JERUSALEM, July 16 (Reuters) - Teva Pharmaceutical Industries, Israel’s largest company, reaped nearly 12 billion shekels ($3.3 billion) in government tax breaks between 2006 and 2011 as part of a programme to encourage capital investment, the Tax Authority said on Tuesday.
Teva, the world’s largest generic drugmaker, led the list of companies receiving annual tax breaks at 11.78 billion shekels, followed by Israel Chemicals at 2.2 billion and Check Point Software Technologies at 1.65 billion, the authority said.
They were among many other public companies who received state tax benefits.
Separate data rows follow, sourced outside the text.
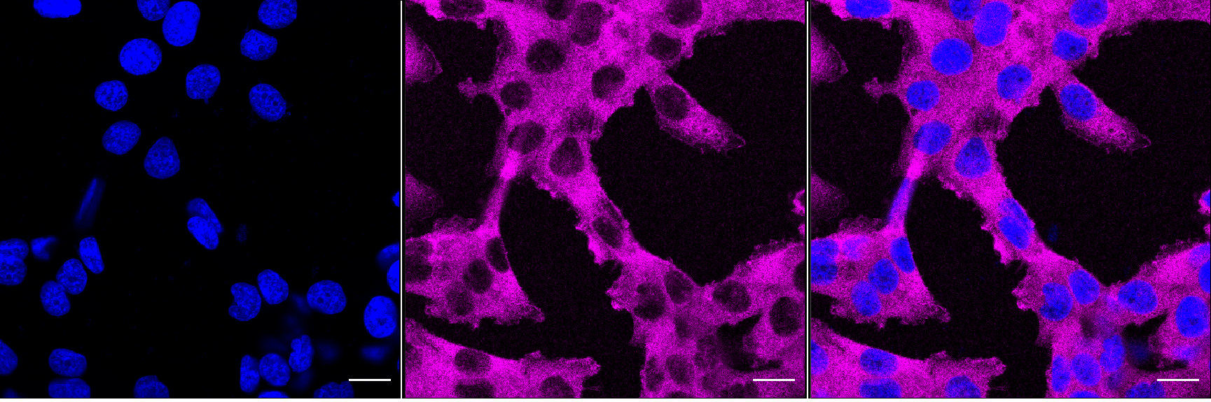 • Immunocytochemical staining of HT-1080 cells with PKC alpha antibody. Nuclei were stained blue with DAPI; PKC alpha was stained magenta with Alexa Fluor® 647. Images were taken using Leica stellaris 5. Protein abundance based on laser Intensity and smart gain: Medium. Scale bar, 20 μm.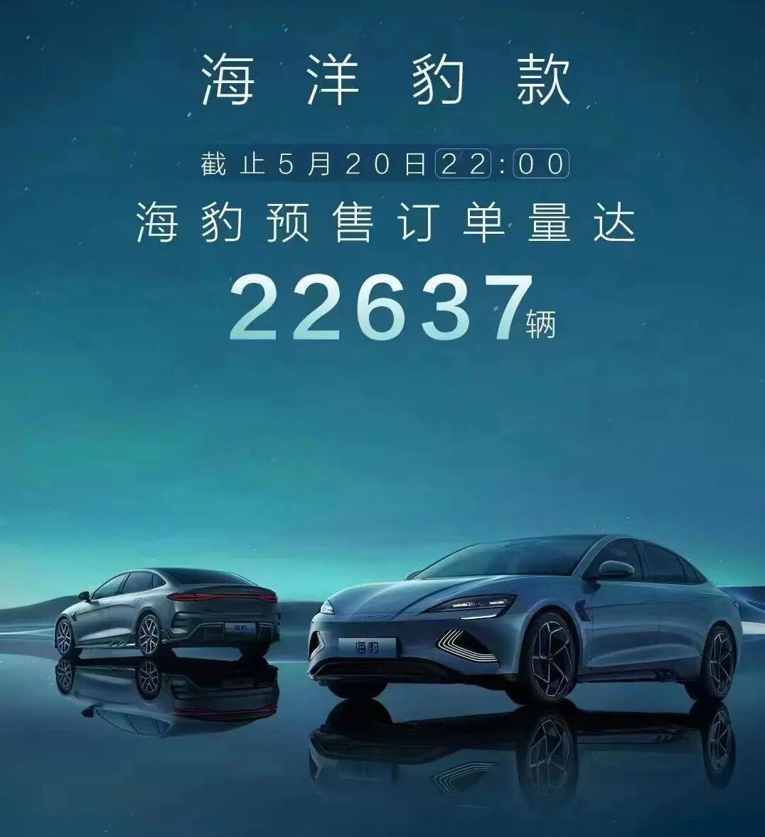 另据消息称,截止到5月20日22点,比亚迪海豹的订单量已经达到了22637辆。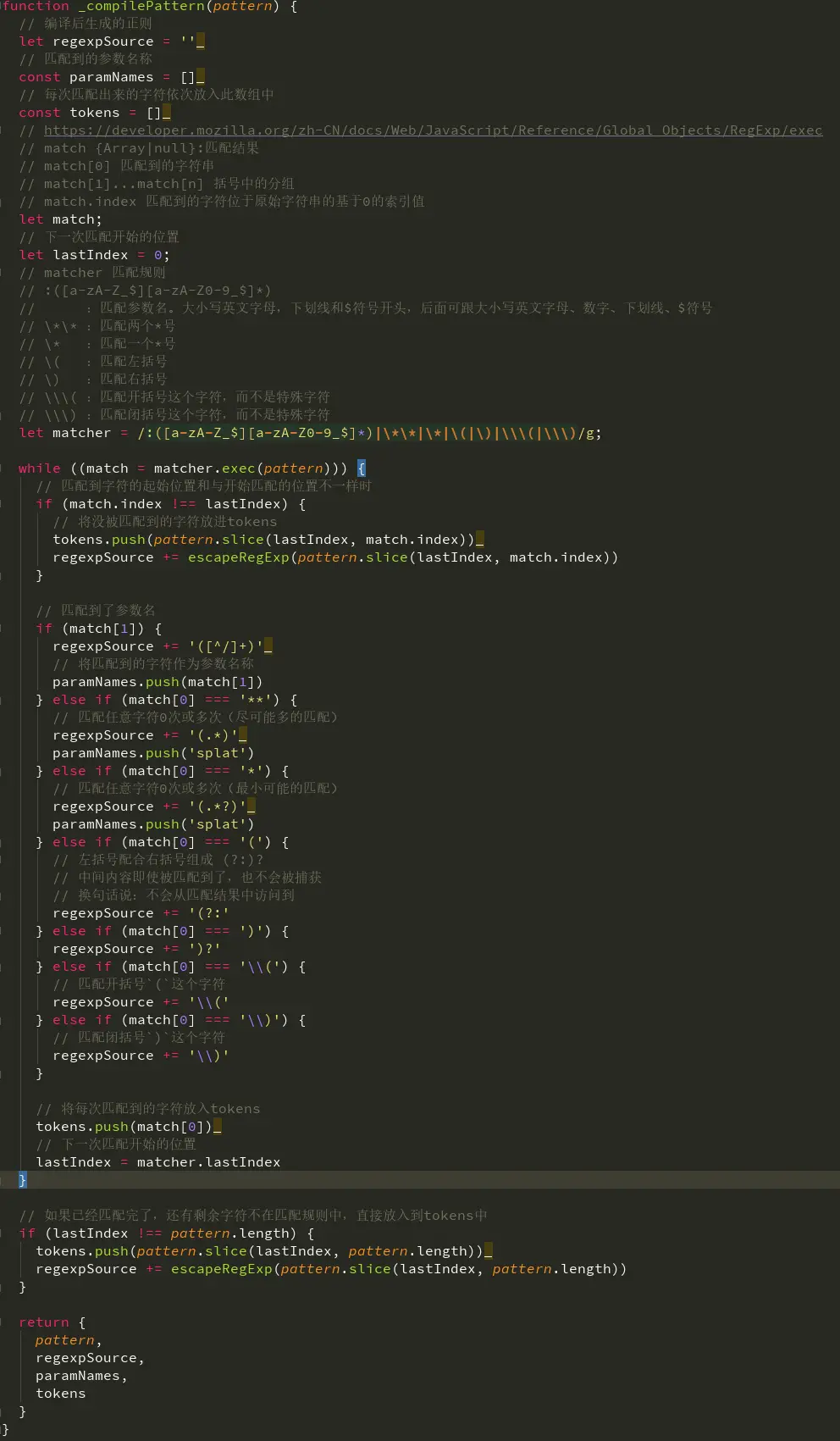 _compilePattern函数,真正的解析函数。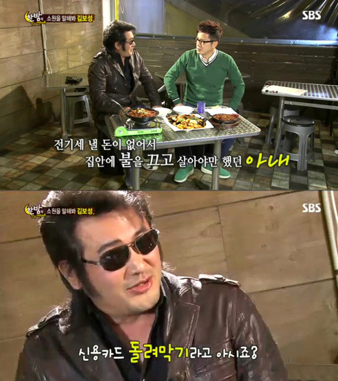 또한, 김보성은 “카드 돌려막기 아시죠? 한 달의 생활비를 무작정 신용카드로 결제하고, 결제할 돈이 없으니까 몇달 뒤에 그 돈을 모아서 갚는 식의 생활을 반복했다”고 울먹이며 아내에 대한 미안한 마음에 결국 눈물을 보였다.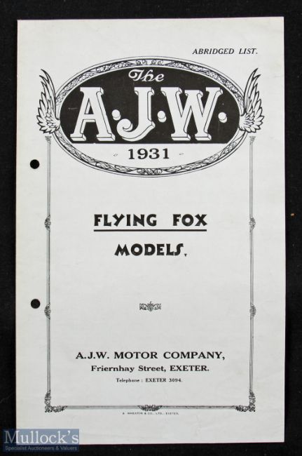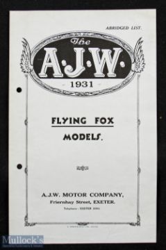 A.J.W. Motor Cycles 1931 Sales Catalogue. A period 4 page Sales Catalogue, illustrating three machines and detailing with prices their range of 10 machines from 172cc Black Fox for £37 to 996 cc Motor Cycle for £170. Small manufacturer, made in Exeter. Printed on semi gloss paper, size 6” x 9 ¾”.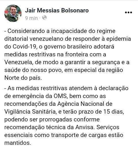 Na manhã desta quarta-feira (18), o presidente Jair Bolsonaro publicou em seu perfil no Twitter que, “considerando a incapacidade do regime ditatorial venezuelano de responder à epidemia de covid-19, o governo brasileiro adotará medidas restritivas na fronteira com a Venezuela, de modo a garantir a segurança e a saúde do nosso povo, em especial da Região Norte do país”.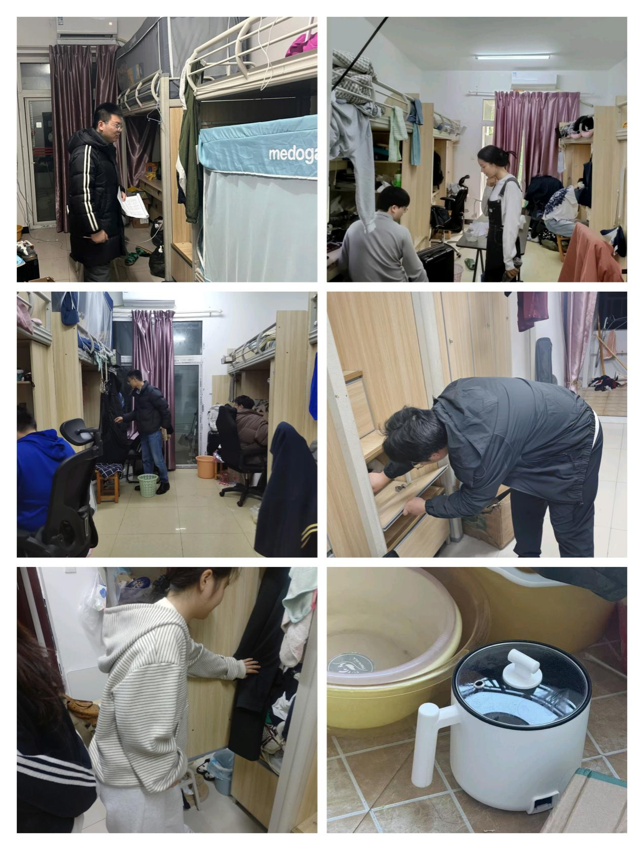 本次排查覆盖学院全部宿舍,重点检查违规电器、乱拉电线、消防通道堵塞等安全隐患。检查发现,大部分宿舍安全状况良好,但仍在部分宿舍中发现存在安全隐患,主要包括人离宿舍未断电、接线板放置不当、通道堆放杂物等问题。并查处学生使用大功率电器、私拉乱接电线2起。针对发现的问题,检查人员现场督促立即整改,并对学生进行了安全教育。
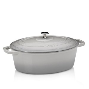 Ze série kela Calido: Oválný pekáč v šedé barvě s lesklým povrchem a víkem je dlouhý 33 cm, široký 26 cm a má objem 6,0 litrů.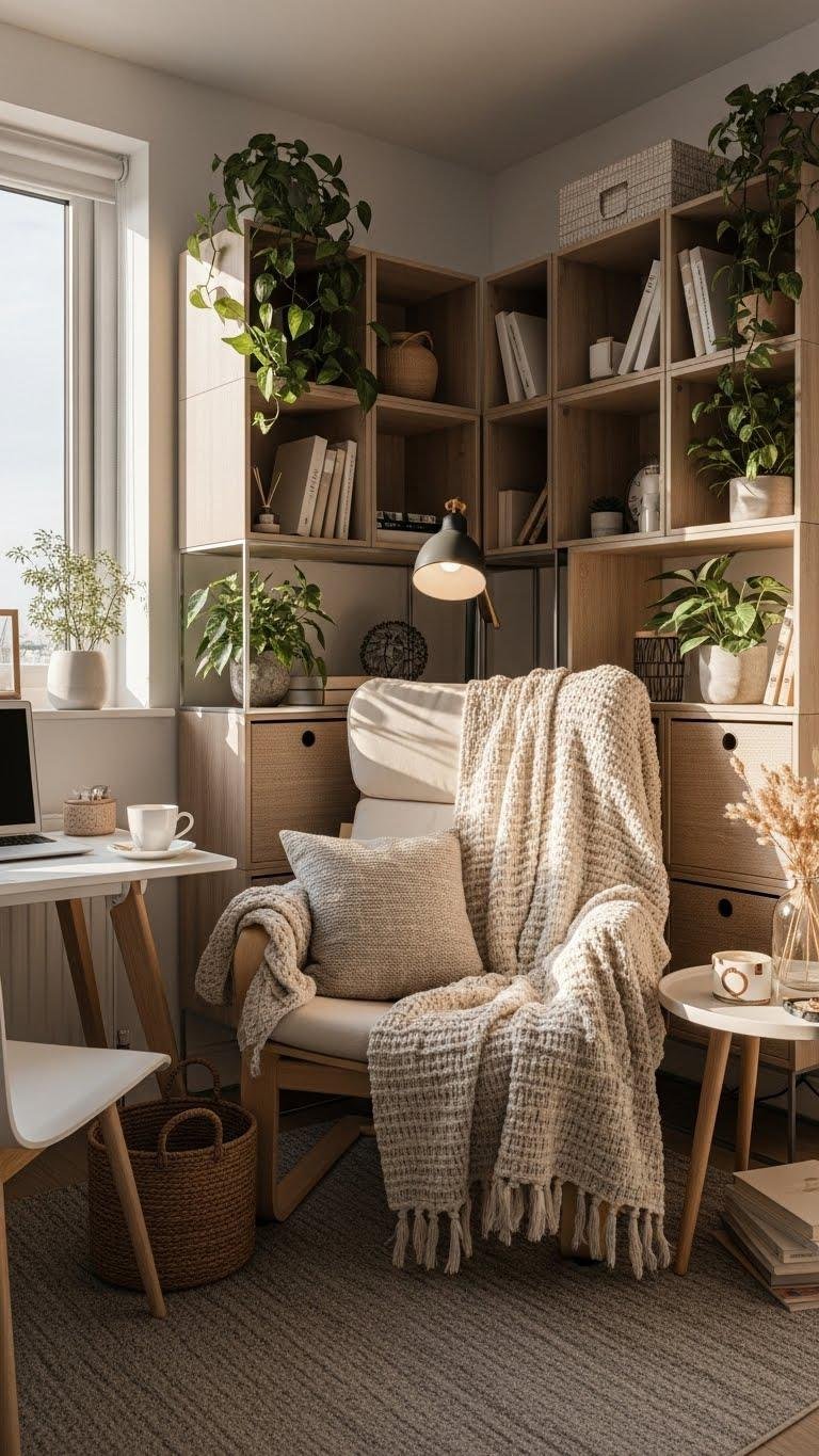 Design a mindful nook with a comfy seat, modular shelving, and plants to breathe.

Such figures have been published in Israeli newspapers, fuelling outrage from politicians and the public who believe that the government should not be doling out tax breaks when the budget faces a large deficit that will be closed by spending cuts and tax hikes.
Teva, which had revenue above $20 billion in 2012, said it has and will continue to pay taxes in full compliance with the law.
“Teva has fulfilled the purpose and lives up to the spirit of the Capital Investment Encouragement Law,” it said in response to the report. “The law greatly contributed to Teva’s expansion in Israel, to the country’s competitiveness, and to boosting the periphery.”
In the past decade Teva doubled the number of its direct employees in Israel to more than 7,100 and has invested 8 billion shekels constructing new facilities and 15 billion in research and development. Its exports in the past decade totalled 140 billion shekels.
In response to the list of companies receiving benefits, the Finance Ministry said they were approved by the government.
“These benefits are being re-examined by Finance Minister Yair Lapid with a goal of updating and adapting them to the needs and economic reality,” the ministry said in a statement.